Leadfeeder data can tell you, among other details:
- If the right companies visited your website
- If they fulfilled your pre-defined conversion goals
- Where they stand in the sales cycle (via our integrations with popular CRM software)
Note: Want to pull data like that into your reporting? Sign up and try Leadfeeder free for 14 days to see the companies that visit your website, plus additional details like which pages they visit and how long they spend there.
You can connect with popular CRMs (like Pipedrive) to pull up-to-date info into the company details in Leadfeeder.
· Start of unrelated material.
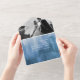 Le heureux jamais après la fête de mariage avec une déchirure RSVP bleu-gris lustré vaguement peint sur blanc. Texte de script typographique art abstrait post-faire-part de mariage lit Le bonheur toujours après la fête de mariage. Design contemporain simple, personnalisez avec votre propre salle de mariage mariage tardif après la fête, les noms des mariées et des mariées et les détails de la réponse, et votre photo de mariage préférée de votre jour de mariage au verso. Idéal pour les mariages reportés. Cette conception ne nécessite aucune enveloppe supplémentaire et dispose d'un RSVP perforé amovible pour des réponses faciles. Produits mariages correspondants et autres options de couleur disponibles dans le magasin. © Laver aquarelle peinture et design par Sarah Trett pour www.mylittleedenweddings.com

For our own B2B reporting needs, we combine both Google Analytics and our own Leadfeeder data—and we use custom reports in Tableau to bring it all together. Here’s a look at some of the KPI reports we focus on:
- Total new signups by month and qualified MQL conversion rate
- New revenue each month—broken down by what came from inbound, outbound, and self-service
- Predicted monthly recurring revenue (MRR) and predicted customer lifetime value (LTV) for new signups
The KPIs That Matter for B2B Marketers
B2B marketing and ABM are fundamentally different from B2C—you’re dealing with bigger customers, bigger deal sizes, and account-level data. With the 3 B2B marketing KPIs we recommend, you’ll be better equipped to capture relevant performance metrics that help you expand and improve upon your marketing efforts.